Deformations arise in a variety of scenes, from medical images to animals in motion to cloth blowing in the wind. We introduce novel topological image processing algorithms specifically designed to consider deforming scenes to address two fundamental image processing problems: image matching and occlusion detection.
Local photometric descriptors are a crucial low level component of numerous computer vision algorithms. In practice, these descriptors are constructed to be invariant to a class of transformations. However, the development of a descriptor that is simultaneously robust to noise and invariant under general deformation has proven difficult. We introduce the Topological-Attributed Relational Graph (T-ARG), a new local photometric descriptor constructed from homology that is provably invariant to locally bounded deformation. This new robust topological descriptor is backed by a formal mathematical framework. We apply T-ARG to a set of benchmark images to evaluate its performance. Results indicate that T-ARG significantly outperforms traditional descriptors for noisy, deforming images.

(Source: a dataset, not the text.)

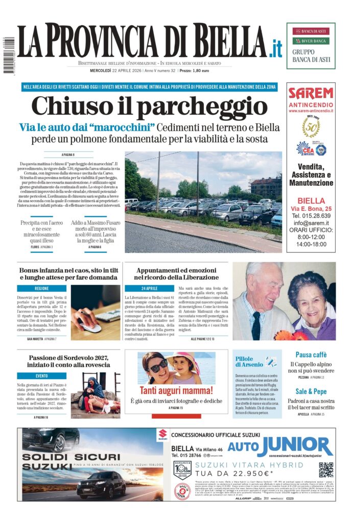 Continua a leggere le notizie de La Provincia di Biella e segui la nostra pagina Facebook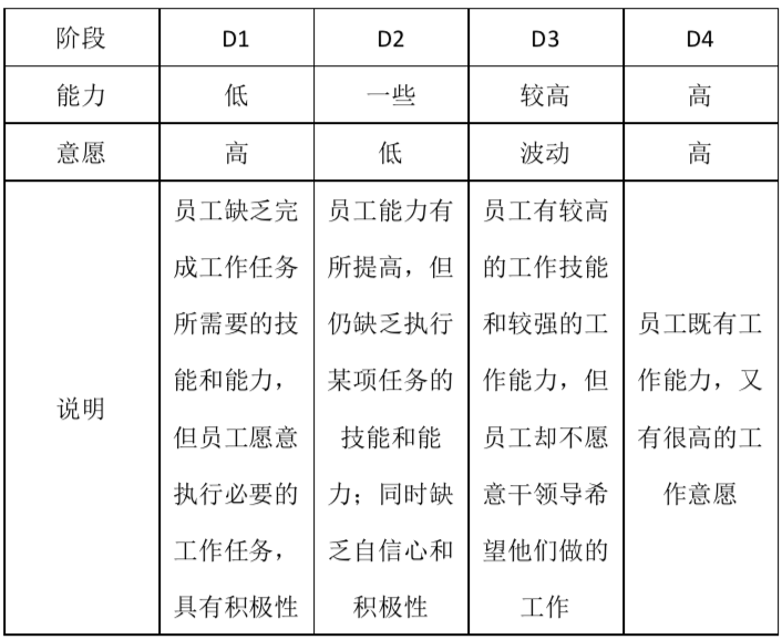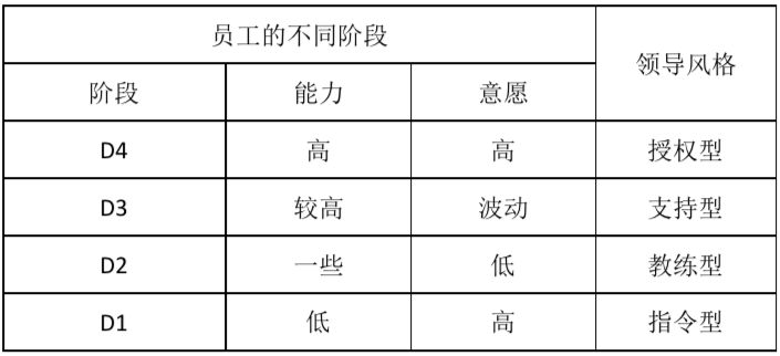 D4階段一般是員工入職3年以上,工作能力強,能獨立開展某項工作,而且工作意愿強,特別想獨立開展工作。這個階段適于采用授權(quán)型的領(lǐng)導(dǎo)風格,低指揮、低支持,充分授權(quán)給予發(fā)揮的空間。

Occlusions provide critical cues about the 3D structure of man-made and natural scenes. We introduce a mathematical framework and algorithm to detect and localize occlusions in image sequences of scenes that include deforming objects. Our occlusion detector works under far weaker assumptions than other detectors. We prove that occlusions in deforming scenes occur when certain well-defined local topological invariants are not preserved. Our framework employs these invariants to detect occlusions with a zero false positive rate under assumptions of bounded deformations and color variation. The novelty and strength of this methodology is that it does not rely on spatio-temporal derivatives or matching, which can be problematic in scenes including deforming objects, but is instead based on a mathematical representation of the underlying cause of occlusions in a deforming 3D scene. We demonstrate the effectiveness of the occlusion detector using image sequences of natural scenes, including deforming cloth and hand motions.